Try it on a scrap piece. YOU WILL LIKE this product, it leaves a clear finish, no yellowing.
"I never use the wax method under paint to distress my projects" 
Once again you will have to experiment with acrylic over wax ! Use a test piece first. You might try a "PST" wash first to remove the wax.


----------



## OSU55 (Dec 14, 2012)

Strip the brown wax and use glaze or thinned acrylic paint to "antique" the look, then topcoat with about anything. Using dewaxed shellac as a 1st topcoat would help with any other topcoat you want to use. Pretty sure the wax will be a problem even for shellac.


----------



## pintodeluxe (Sep 12, 2010)

While Zinssner Seal Coat is seen as a universal sealer, usually you would remove the wax with mineral spirits first. If the wax is not removed, you could have adhesion problems. Wax is hard enough to remove from smooth, closed grain hardwood. It would be nearly impossible to remove the wax from reclaimed wood. 
Does it have wax on it? If it just has well-cured tung oil you can use any finish of your choice. The title made me think you had waxed it. If it has wax on it, I would just add some colored wax such as Briwax or Howards Walnut wax. For a piece like this, a wax finish would be okay, and the colored wax will age it a bit.


----------



## DrDirt (Feb 26, 2008)

The wax is the problem - the curing oils applied like tung or linseed you will be OK.

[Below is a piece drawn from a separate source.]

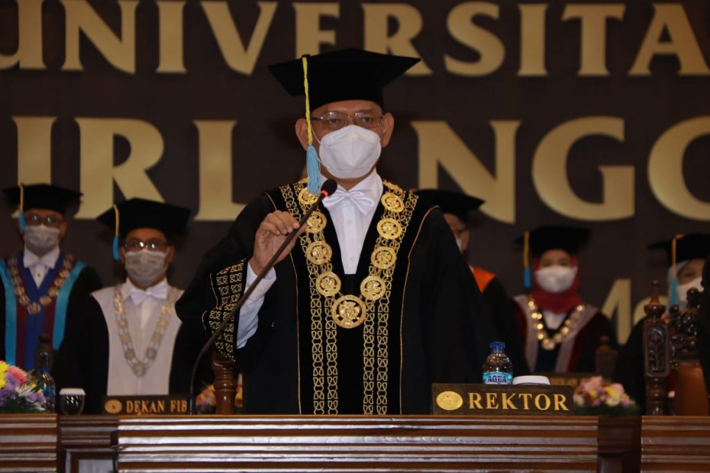 “Saya menyampaikan selamat kepada para wisudawan yang untuk kali pertamanya selama hampir dua tahun wisuda dilakukan secara daring dan hybrid, hari ini, karunia luar biasa, anda bisa wisuda secara luring,” ungkap Rektor UNAIR.

If you had some NON-curing oil like mineral oil/butcher block oil, that you wanted to coat, that would be a problem


----------



## JR545 (Feb 24, 2015)

Thanks guys.
The wax was only applied to the painted portions of the table. I'll remove the wax with MS and try the glaze instead to preclude any finishing problems.
I also discovered after reading up on tung oil the the product my wife brought home is a wiping varnish instead of tung oil (Formby's). 
I should have this mess sorted out in the next few days and will update with results.
Thanks for all the suggestions/guidance.


----------